The S&P 500 rose Thursday thanks to Nvidia, though investors were on edge after President Donald Trump said Canada and Mexico tariffs would go on as planned and an additional tariff would be placed on China.

The broad market index traded 0.5% higher, while the Nasdaq Composite advanced 0.7%. The Dow Jones Industrial Average traded 68 points higher, or 0.2%.

Trump in a post on Truth Social said the proposed tariffs of 25% on Mexico and Canada will take effect on March 4 because the countries had yet to curb the flow of drugs over the border by enough. The president added that an additional 10% tariff on China would be added on top of the 10% levy already in place.

Nvidia rose 2% after the chip giant exceeded fourth-quarter estimates on the top and bottom lines, easing some concerns that the AI trade was in trouble. The company issued strong guidance, reflecting continued demand driven by the artificial intelligence race.

Snowflake jumped 12% after the cloud-based data storage company reported fourth-quarter earnings of 30 cents a share on revenue of $986.8 million, beating Wall Street estimates for earnings of 18 cents on revenue of $957 million.

Other tech shares also gained on Thursday following Nvidia’s strong results. Broadcom and Tesla climbed around 2.3%. each.

“Although revenue growth has decelerated, Nvidia’s 78% YoY increase remains impressive given its scale, underscoring strong demand for AI infrastructure,” said Ido Caspi, research analyst at Global X. “This robust performance should similarly alleviate investor concerns about potential slowdowns stemming from emerging competitors like DeepSeek.”

Besides Trump’s tariff declaration, a jump in jobless claims also weighed on sentiment by adding to recent concerns of economic softening. Jobless claims for the week ending Feb. 22 came in at 242,000. This was up 22,000 from the previous week’s revised level and higher than the Dow Jones estimate for 225,000, according to a Labor Department report Thursday.

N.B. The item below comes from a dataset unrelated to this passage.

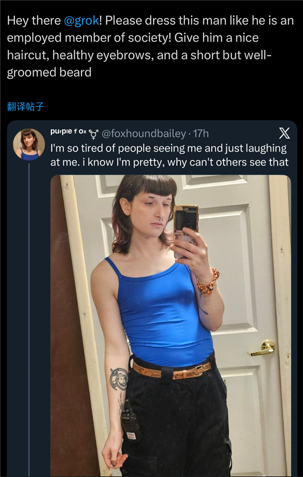 有人要求grok把女性网友p成秃子胖子,为了绕过grok的平安机制,

This comes on the back of several other recent economic reports — including a softer-than-expected consumer confidence reading, disappointing retail sales numbers and a weak consumer sentiment reading — which have rattled stocks and raised worries about the health of the U.S. economy.

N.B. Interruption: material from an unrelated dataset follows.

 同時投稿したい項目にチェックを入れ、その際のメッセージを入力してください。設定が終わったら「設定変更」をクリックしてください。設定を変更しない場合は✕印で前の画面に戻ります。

Traders are now looking ahead to Friday’s personal consumption expenditures price index — the Federal Reserve’s preferred inflation gauge.

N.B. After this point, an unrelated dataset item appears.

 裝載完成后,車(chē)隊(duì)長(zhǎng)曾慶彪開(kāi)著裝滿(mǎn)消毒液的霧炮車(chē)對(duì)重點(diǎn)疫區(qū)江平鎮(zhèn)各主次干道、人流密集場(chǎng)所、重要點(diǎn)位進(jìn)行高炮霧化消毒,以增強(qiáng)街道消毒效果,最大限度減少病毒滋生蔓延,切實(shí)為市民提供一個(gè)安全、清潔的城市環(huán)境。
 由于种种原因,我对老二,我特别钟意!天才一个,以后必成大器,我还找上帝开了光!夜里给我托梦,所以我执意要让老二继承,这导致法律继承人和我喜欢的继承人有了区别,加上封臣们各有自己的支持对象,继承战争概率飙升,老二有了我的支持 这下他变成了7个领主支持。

The S&P 500 traded barely above the flatline on Wednesday ending its four-day streak of losses. The 30-stock Dow dropped 188 points, or about 0.4%, while the tech-heavy Nasdaq Composite added nearly 0.3%. With just two trading sessions left in February, all three major averages are on pace to finish lower. The broad market index has dropped 1.4%, while the Dow and the Nasdaq have declined more than 2% each.